» Collected data
====

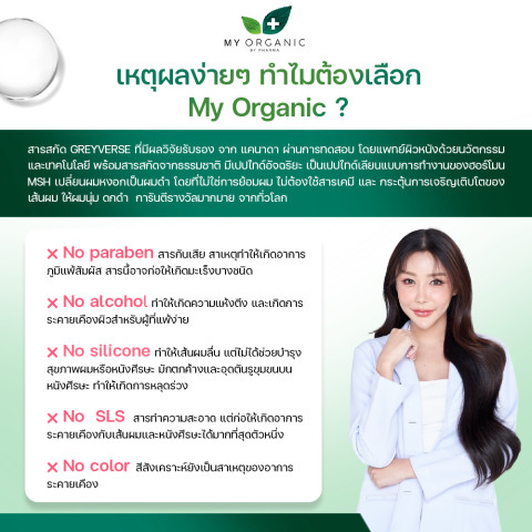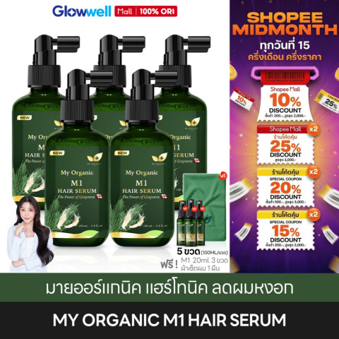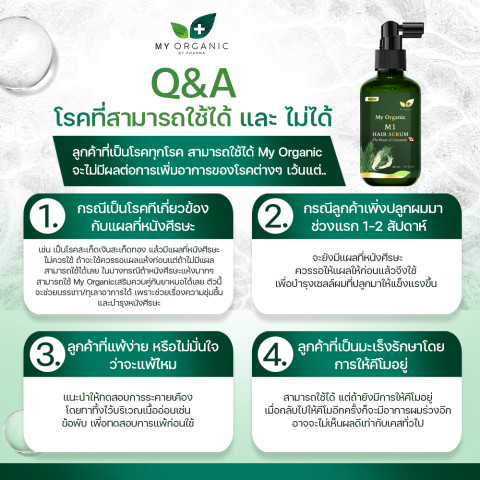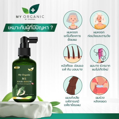 ให้ My Organic M1 Hair Serum เป็นตัวช่วยดูแลเส้นผมและหนังศีรษะของคุณทุกวัน คืนความมั่นใจให้ผมดูสุขภาพดี เงางาม และดูอ่อนวัยขึ้นอย่างเป็นธรรมชาติ โดยไม่ต้องเสี่ยงกับสารเคมีรุนแรงอีกต่อไป
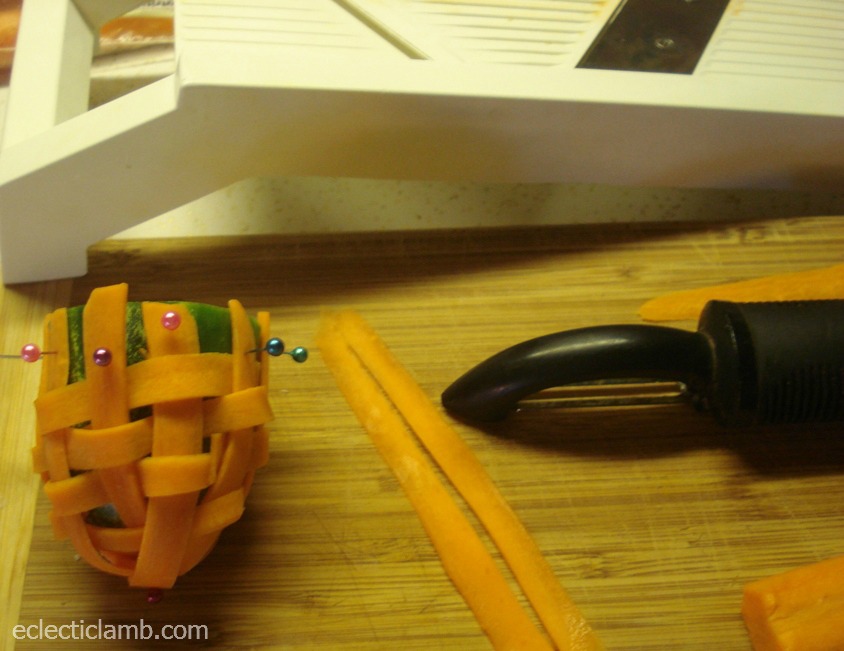 Cut carrot strips with a vegetable peeler. These will be the horizontal strips for the basket. Start at the bottom and weave carrot strips horizontally. Keep weaving strips until you get to the top of your vertical strips.
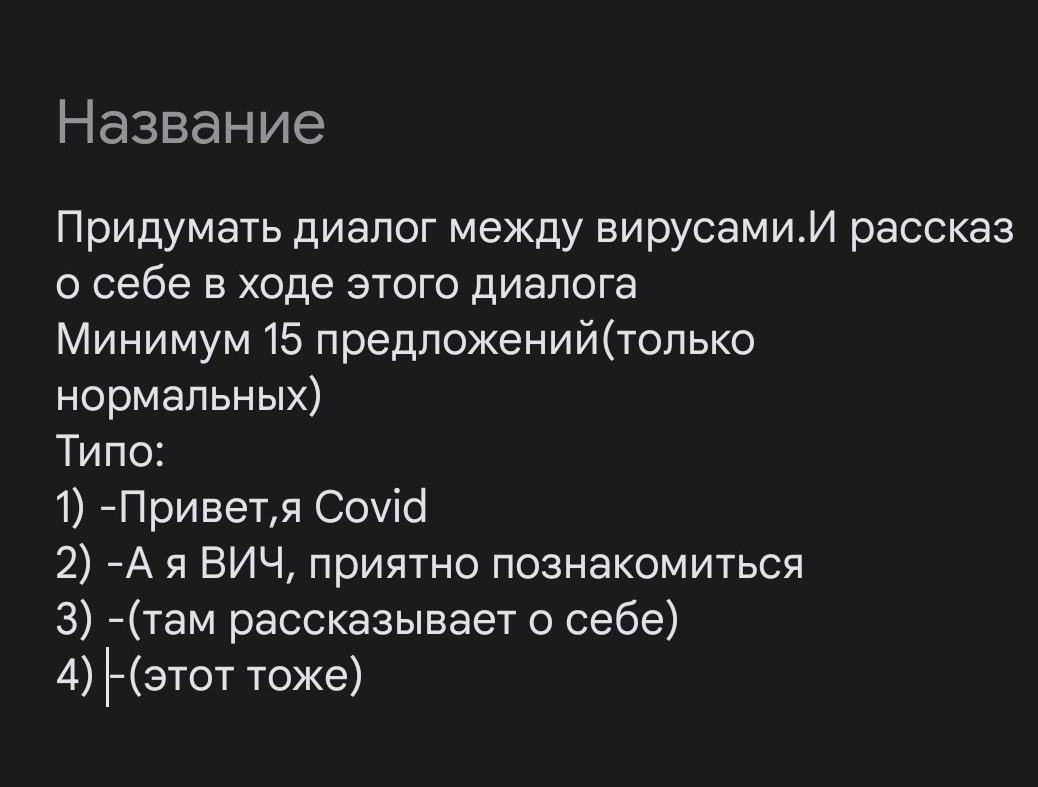 5)-Ого...Ясно,- удивился ВИЧ- я думал вирусы только вред несут в этот мир.

====

» Exercise instructions
An exact copy of the listing above, minus its pictures, is what is needed here.

» Output of the exercise
 ให้ My Organic M1 Hair Serum เป็นตัวช่วยดูแลเส้นผมและหนังศีรษะของคุณทุกวัน คืนความมั่นใจให้ผมดูสุขภาพดี เงางาม และดูอ่อนวัยขึ้นอย่างเป็นธรรมชาติ โดยไม่ต้องเสี่ยงกับสารเคมีรุนแรงอีกต่อไป
 Cut carrot strips with a vegetable peeler. These will be the horizontal strips for the basket. Start at the bottom and weave carrot strips horizontally. Keep weaving strips until you get to the top of your vertical strips.
 5)-Ого...Ясно,- удивился ВИЧ- я думал вирусы только вред несут в этот мир.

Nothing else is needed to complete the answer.